Loss-of-function of DDX3X is a leading cause of neurodevelopmental disorders (NDD) in females. DDX3X is also a somatically mutated cancer driver gene proposed to have tumour promoting and suppressing effects. We perform saturation genome editing of DDX3X, testing in vitro the functional impact of 12,776 nucleotide variants. We identify 3432 functionally abnormal variants, in three distinct classes. We train a machine learning classifier to identify functionally abnormal variants of NDD-relevance. This classifier has at least 97% sensitivity and 99% specificity to detect variants pathogenic for NDD, substantially out-performing in silico predictors, and resolving up to 93% of variants of uncertain significance. Moreover, functionally-abnormal variants can account for almost all of the excess nonsynonymous DDX3X somatic mutations seen in DDX3X-driven cancers. Systematic maps of variant effects generated in experimentally tractable cell types have the potential to transform clinical interpretation of both germline and somatic disease-associated variation.

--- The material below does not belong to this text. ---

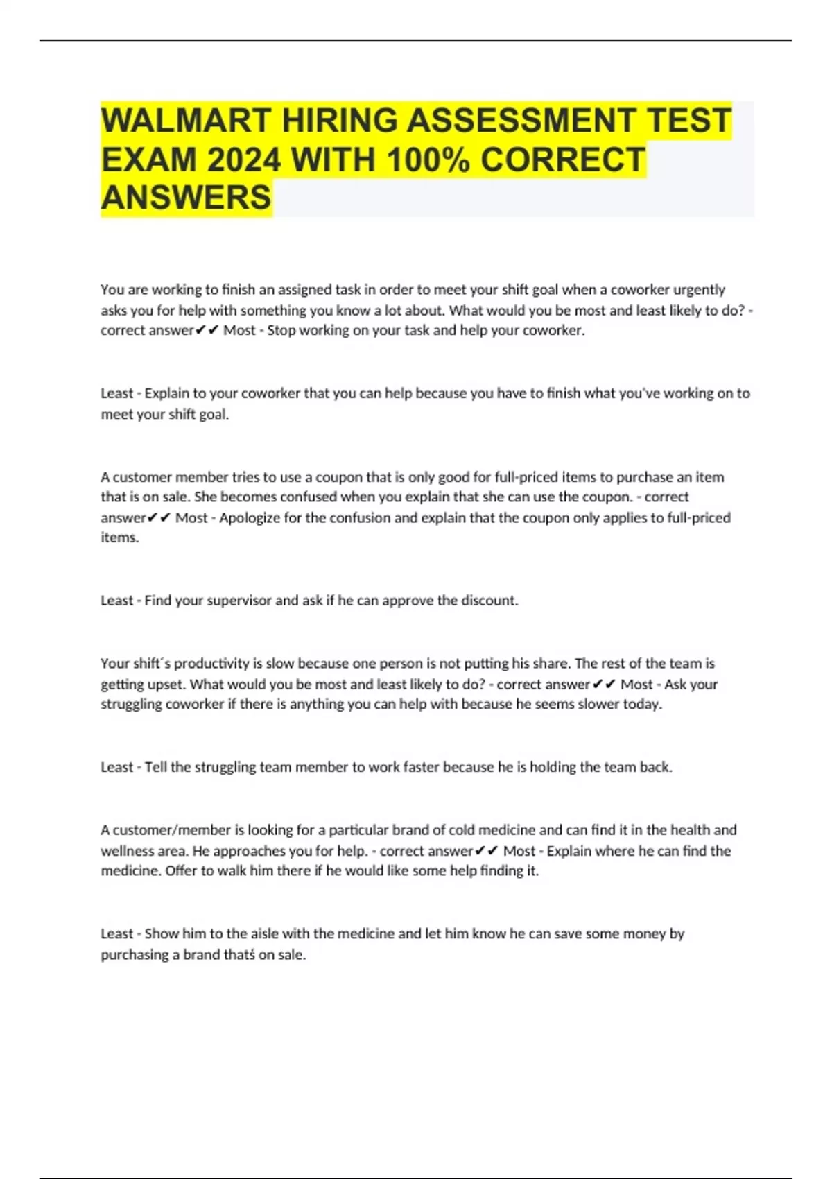 WALMART HIRING ASSESSMENT TEST EXAM 2024 WITH 100% CORRECT ANSWERS

DDX3X功能丧失是女性神经发育障碍 (NDD) 的主要原因。 DDX3X也是一种体细胞突变的癌症驱动基因，被认为具有促进和抑制肿瘤的作用。我们对DDX3X进行饱和基因组编辑，在体外测试 12,776 个核苷酸变体的功能影响。我们鉴定出 3432 个功能异常变异，分为三个不同的类别。我们训练机器学习分类器来识别 NDD 相关性的功能异常变体。该分类器具有至少 97% 的灵敏度和 99% 的特异性来检测 NDD 致病性变异，在计算机预测中表现明显优于，并解决了高达 93% 的不确定意义的变异。此外，功能异常变异几乎可以解释DDX3X驱动的癌症中出现的所有过量非同义DDX3X体细胞突变。在实验上易处理的细胞类型中产生的变异效应的系统图谱有可能改变生殖系和躯体疾病相关变异的临床解释。